_Prompt_. The data below contains pictures, which are to be skipped; the lines starting at the line with "茶壶山烈士陵园位于肥东县长临" and ending at the line with "El ICC cerró" are to be output exactly, both ends included.

** Opening Recorded information block **

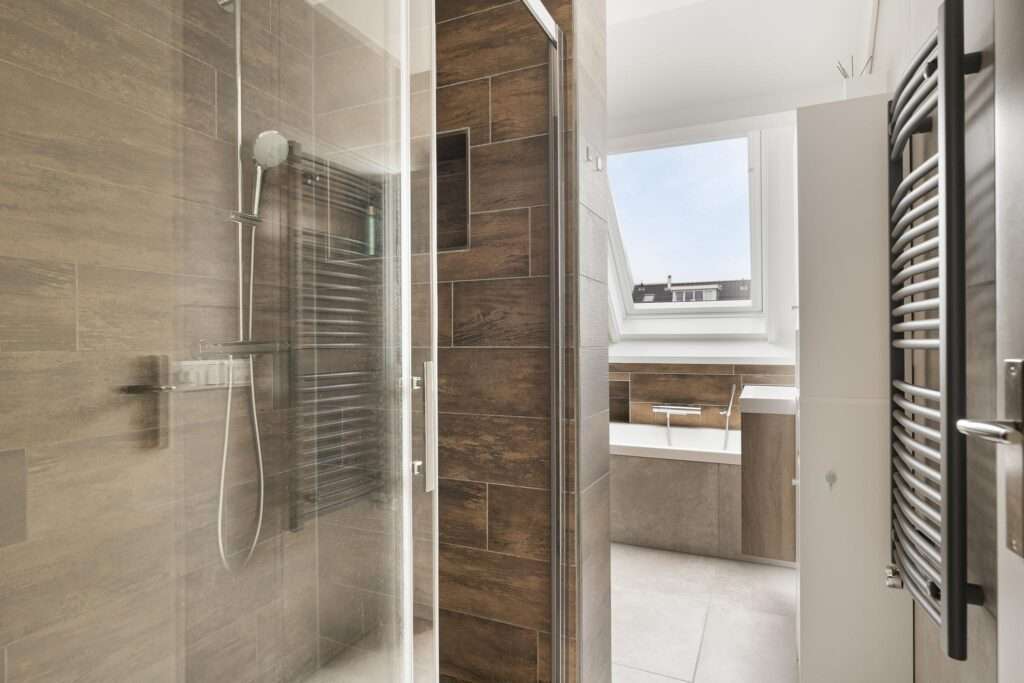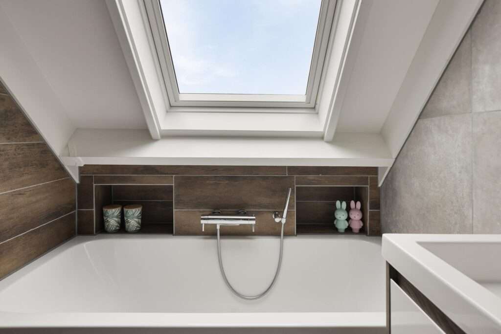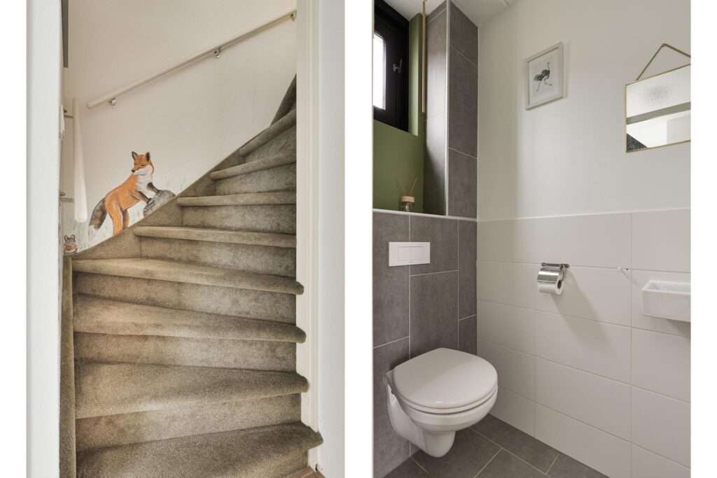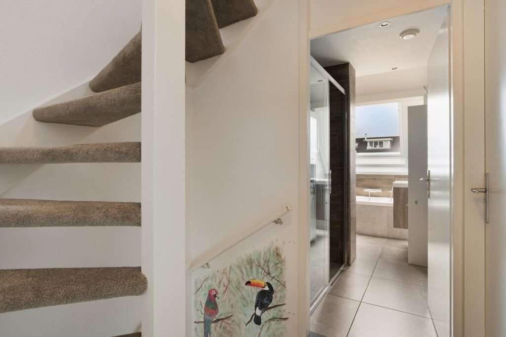 Op de eerste verdieping is de overloop met doorgang naar de twee slaapkamers van deze verdieping. Aan de achterzijde bevindt zich de zeer grote masterbedroom. De voormalige badkamer is nu te gebruiken als waskamer/berging, super praktisch! De badkamer is de eye catcher van de woning met vloerverwarming, een ligbad, dubbele douche, toilet en een wastafelmeubel.
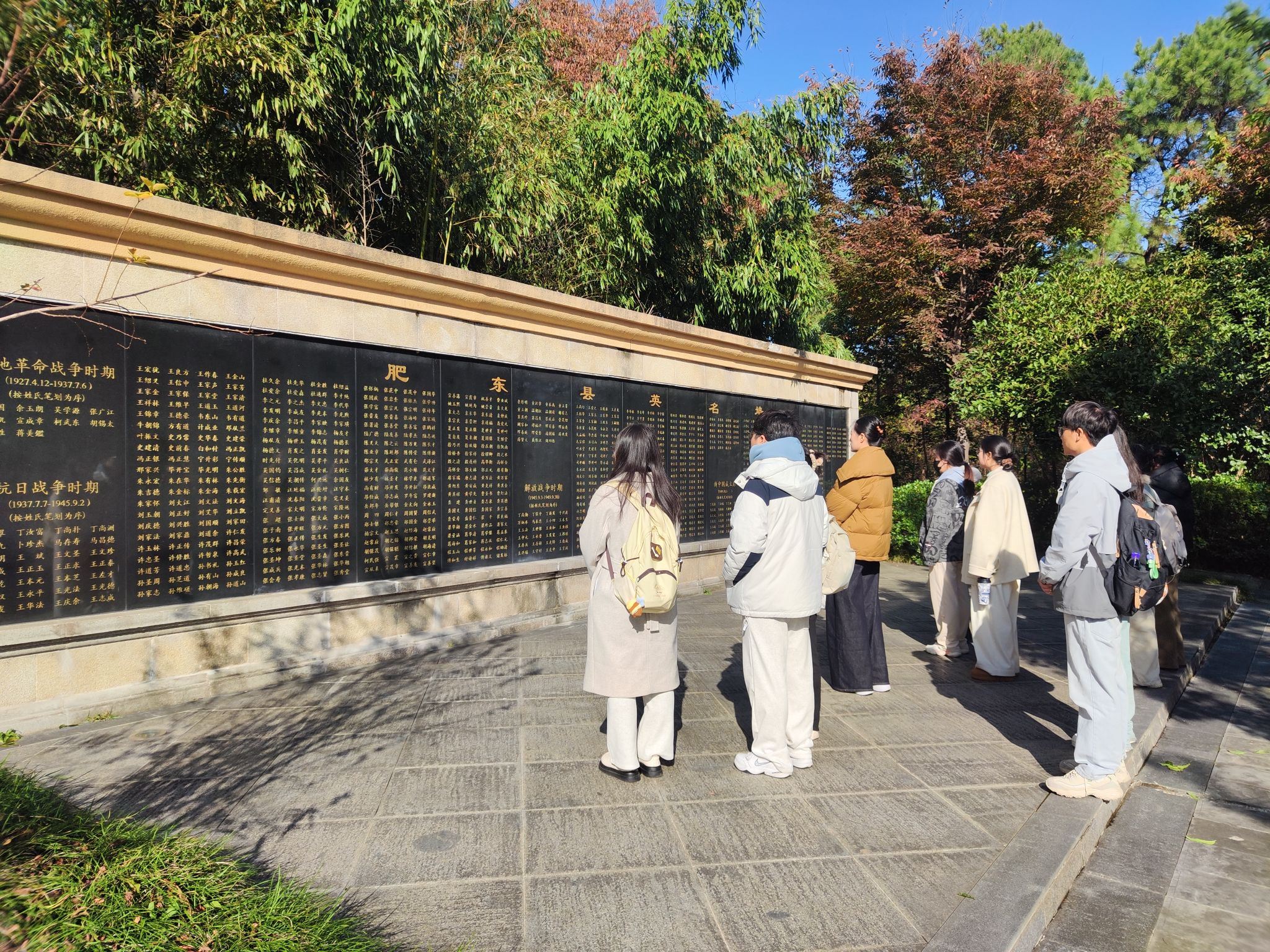 茶壶山烈士陵园位于肥东县长临河镇四顶山山麓,长眠着半个世纪前牺牲的50多位革命烈士。在党支部书记的带领下,全体学生瞻仰了革命烈士纪念碑,深切表达对革命先烈的无限崇敬和深切缅怀之情。
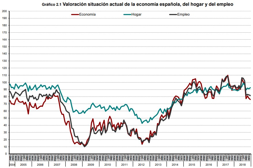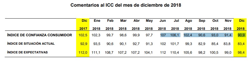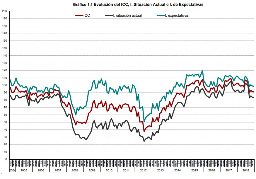 El ICC cerró 2018 en 90,9 puntos, tras bajar 11,6 respecto a 2017, siendo ésta la mayor caída desde 2012, cuando la crisis del euro estaba en su máximo apogeo y España se situaba en el ojo del huracán, según el último dato publicado el pasado jueves por el Centro de Investigaciones Sociológicas (CIS). Se trata, además, de la peor puntuación desde finales de 2016. La valoración de la situación actual se hunde 9,4 puntos, mientras que las expectativas ofrecen un descenso aún mayor, de 13,6.
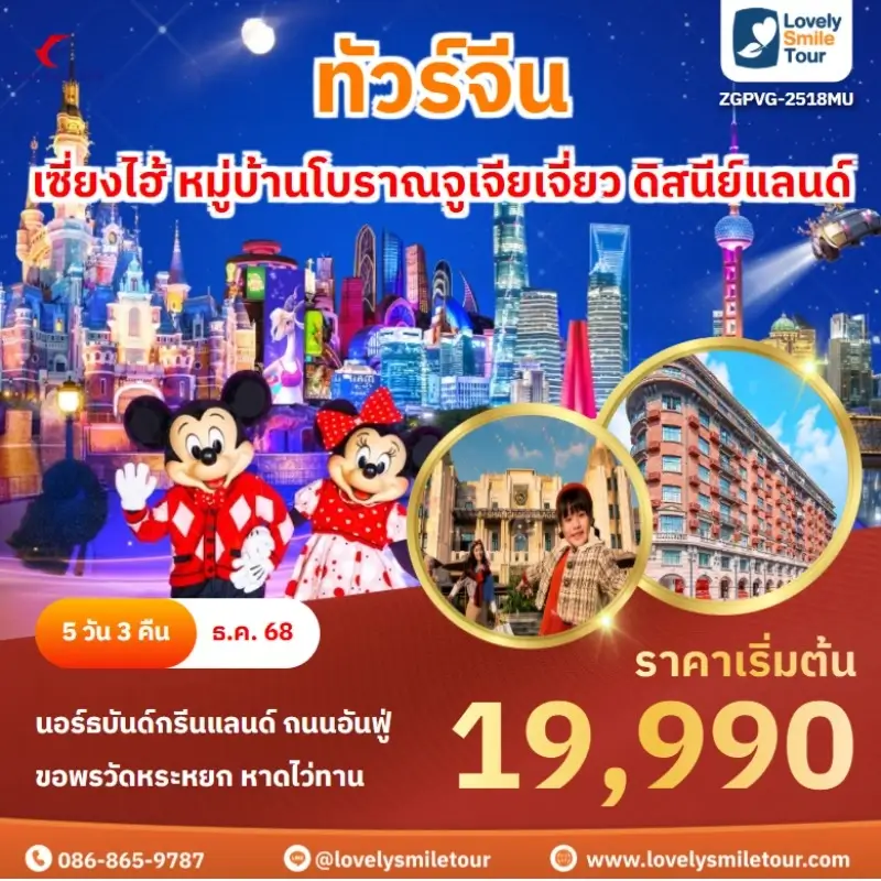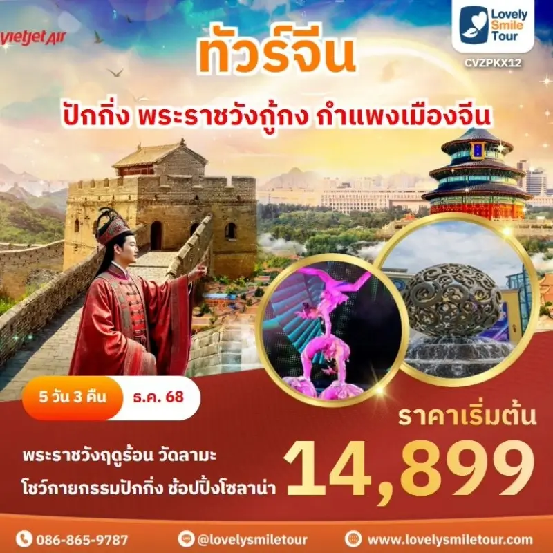 Lovely Smile Tour มีแพ็กเกจ ทัวร์จีน ให้เลือกหลายรูปแบบ หลากหลายเมือง อาทิเช่น กำแพงเมืองจีน จางเจียเจี้ย คุณหมิง ต้าหลี่ ลี่เจียง แชงกรีล่า เซี่ยงไฮ้ ปักกิ่ง ฉงชิ่ง ที่สำคัญมีแบบไม่เข้าร้านรัฐบาลด้วย หรือถ้าชอบทัวร์จีน ราคาถูก หรือแบบ 5 ดาว ก็มีเช่นกัน นอกจากนี้ โปรแกรมทัวร์จะแตกต่างกันในเรื่องสายการบิน ระดับโรงแรม ร้านอาหารมื้อพิเศษ สนใจจองแพ็กเกจไหน แอดไลน์หรือโทรสอบถามได้เลย

** Closing Recorded information block **

_Answer section_.
 茶壶山烈士陵园位于肥东县长临河镇四顶山山麓,长眠着半个世纪前牺牲的50多位革命烈士。在党支部书记的带领下,全体学生瞻仰了革命烈士纪念碑,深切表达对革命先烈的无限崇敬和深切缅怀之情。
 El ICC cerró 2018 en 90,9 puntos, tras bajar 11,6 respecto a 2017, siendo ésta la mayor caída desde 2012, cuando la crisis del euro estaba en su máximo apogeo y España se situaba en el ojo del huracán, según el último dato publicado el pasado jueves por el Centro de Investigaciones Sociológicas (CIS). Se trata, además, de la peor puntuación desde finales de 2016. La valoración de la situación actual se hunde 9,4 puntos, mientras que las expectativas ofrecen un descenso aún mayor, de 13,6.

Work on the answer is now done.